Global statistics indicate that child sexual abuse is increasing with an estimated 150 million girls and 73 million boys under the age of 18 having experienced forced sexual intercourse or other forms of sexual abuse. According to the East, Central and Southern Africa Health Commission, one out of three girls in Sub-Saharan African experiences some form of sexual violence before the age of 18. In Mozambique alone, 33% of children between 12 and 15 years have been victims of sexual violence, one of the highest rates in the world.

Also, the United Nations Children’s Fund (UNICEF) observes that child prostitution is a growing concern in Mozambique. The Mozambican Ministry of Gender, Children and Social Affairs links the increased sexual violence with the country’s failure in the realisation of the child’s right to education with an estimated 36% of girls aged between 13 and 18 years married instead of being in school.

This situation is also attributed to the Mozambican civil war which weakened institutions particularly those protecting the rights and welfare of children. Despite major sector-specific strategic frameworks to combat sexual violence against children, these are often done with little consultation and coordination. This has had a deleterious effect on the enforcement of children’s rights through the existing legal and institutional arrangements.

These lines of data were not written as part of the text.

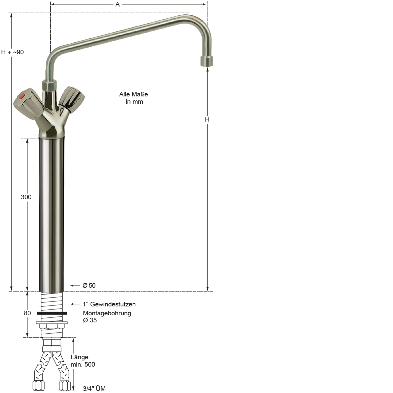 - Edelstahl-Schläuche mit 3/4" ÜM
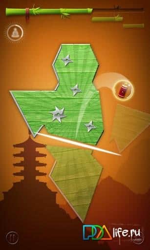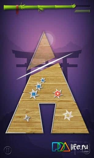 Slash - очень яркая и увлекательная головоломка в японском стиле. Вы владеете катаной и если говорить о сути, должны действовать быстро и четко. Перед вами в каждом уровне, а всего их 100, будут показаны абсолютно разные предметы - елочки, пирамиды, изображение скорпиона и пр. Внутри каждой фигуры в хаотическом порядке движутся звездочки, отталкиваясь от стенок и так беспорядочно продолжая свой путь. Ваша задача - как только звезды оказались в одной части быстрым движением отсечь пустую часть фигуры от общего тела....Как только вы отсечете от фигуры нужный процент, вы перейдете на следующий уровень. Нужный процент отображен в виде бамбуковой палочки вверху экрана, перевязанной красной лентой - как только достигнете красной ленты - уровень пройден! Кроме того, есть бонусы - динамит, помощь самурая, время, нож и пр., но их не так много, поэтому лучше надеяться только на себя!
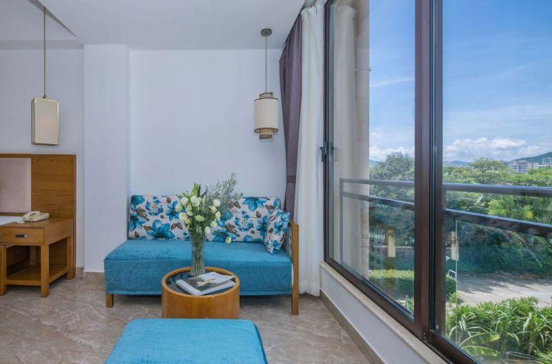Отель для семейного тихого отдыха. Но оочень скучно. Рядом с отелем нет ничего. Чтобы сходить в кафе пообедать или на ужин придется тащится в соседний квартал минут 10-15. Если едете с детьми, это проблематично. Завтраки в отеле не изысканные, но всегда было что поесть и накормить детей. Добраться в бухту Дадунхай можно на автобусе, вот там есть где погулять, что посмотреть, А вечерами там очень красиво. Автобусы ходят всего до 8 часов вечера и приходится добираться обратно на такси. Но плюсы: море чистое по сравнению с бухтой Дадунхай, собственные лежаки на пляже, тоже плюс. Всегда ходят и предлагают фрукты на пляже. До пляжа только дорогу перейти. Нет такого количества народа как в Дадунхай. Ездили с детьми, нам было скучновато.
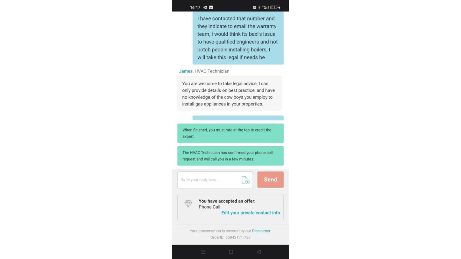 I have contacted that number and they indicate to email the warranty team, I would think its baxi's issue to have qualified engineers and not botch people installing boilers, I will take this legal if needs be
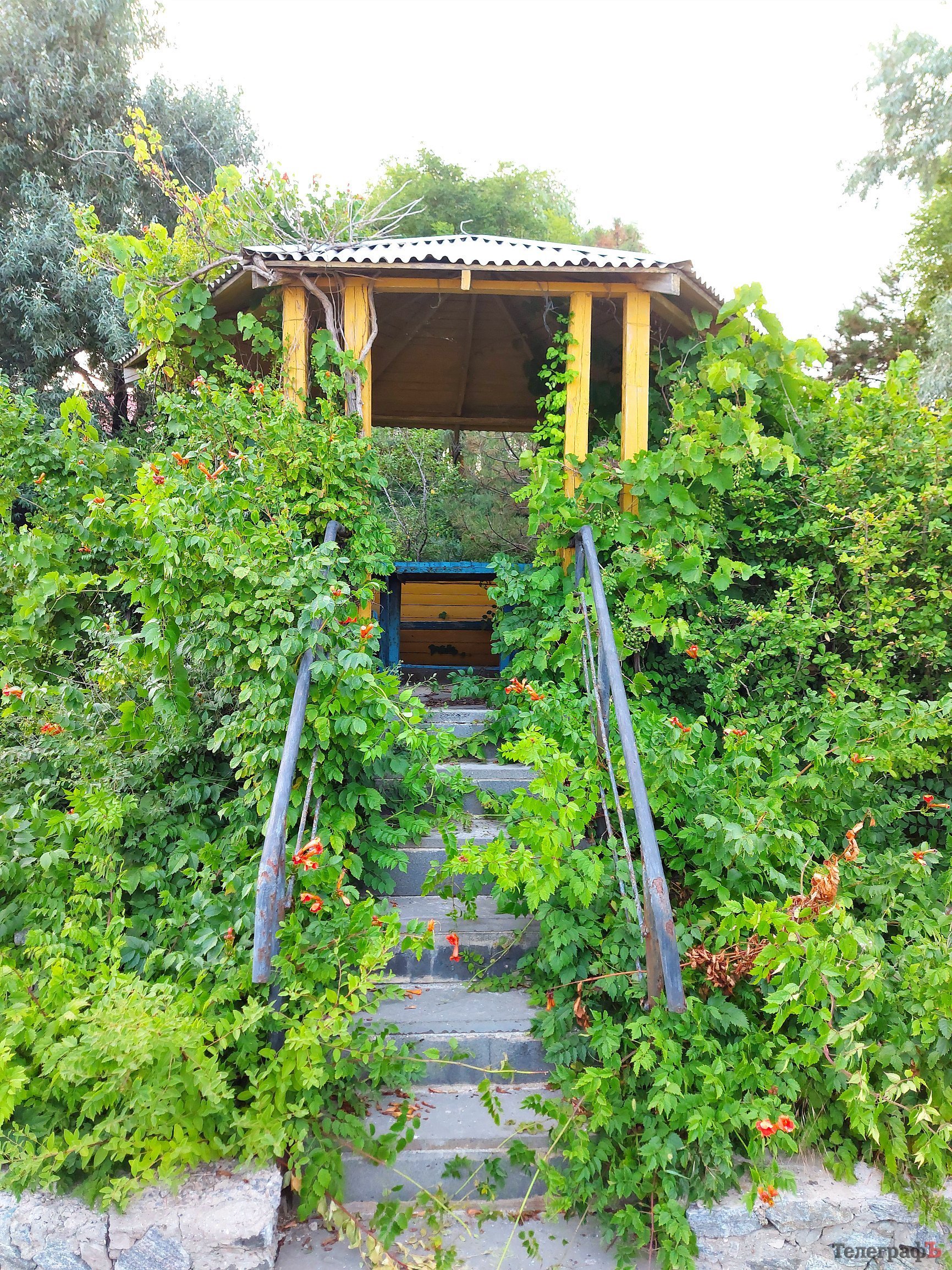 Природа пытается поглотить беседку на набережной «Металлурга»
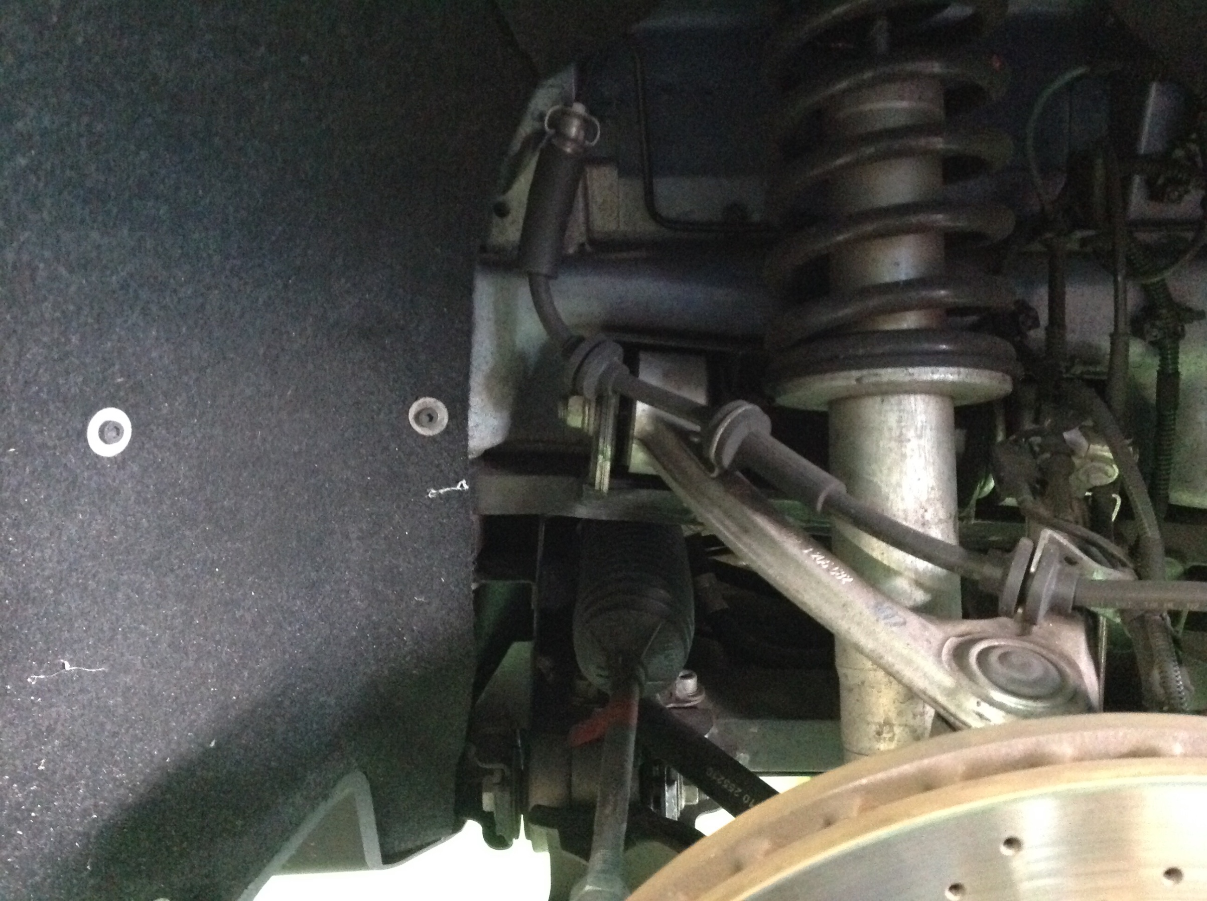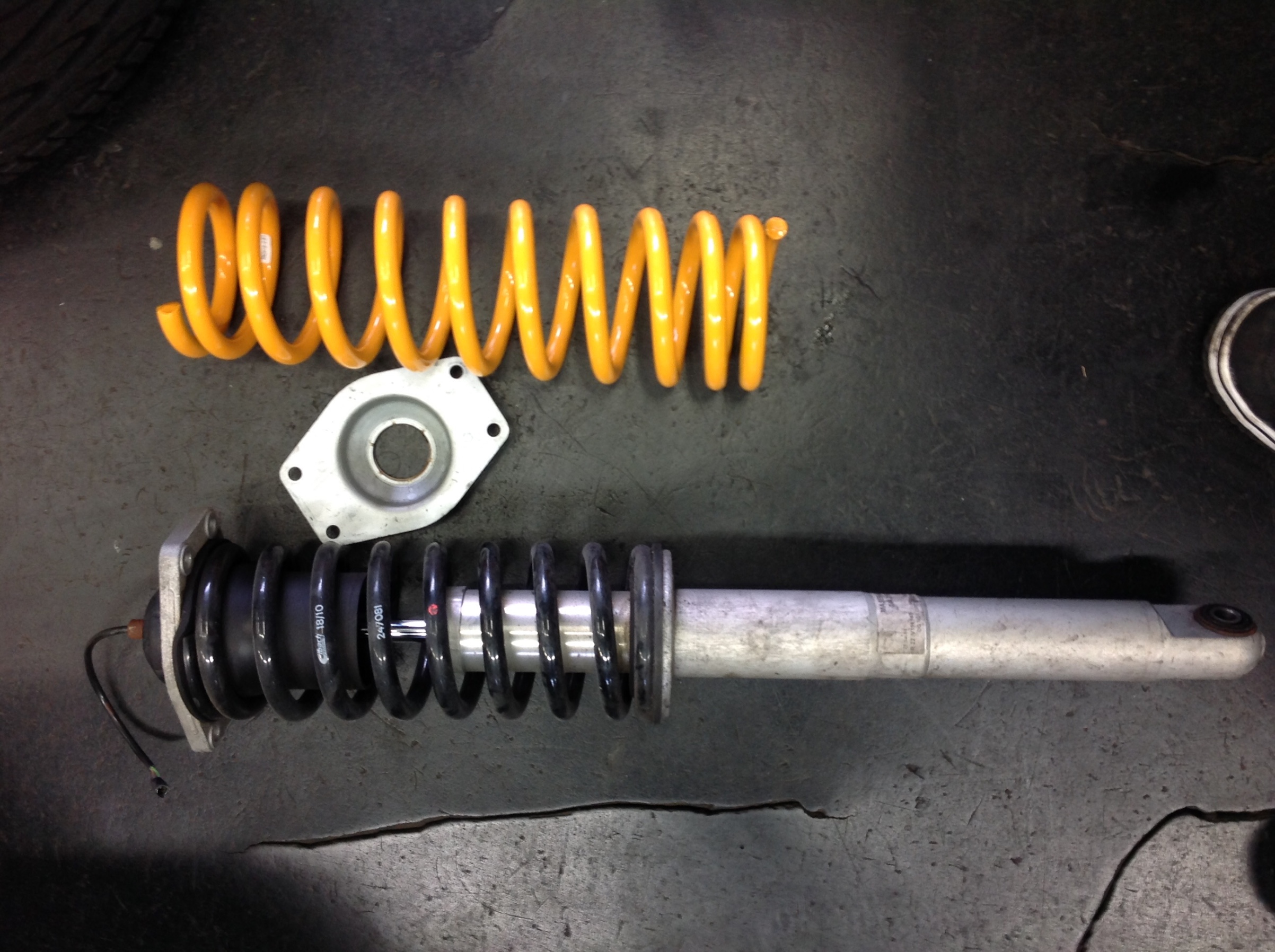 いたって普通のサスペンション。ただ配線・配管が多いので大変ですが、2分あれば大丈夫。

Meanwhile, Mozambique is a state party to the Convention on the Rights of the Child (CRC), African Charter on the Rights and Welfare of the Child (ACRWC), African Charter on Human and Peoples’ Rights (African Charter), Convention on Elimination of all forms of Discrimination against Women (CEDAW) and all the relevant international human rights instruments. The domestic framework for addressing sexual violence against children includes the Children’s Act of 2008 and Juvenile Justice Act of 2008 which translate the CRC and the ACRWC into national child rights legislation.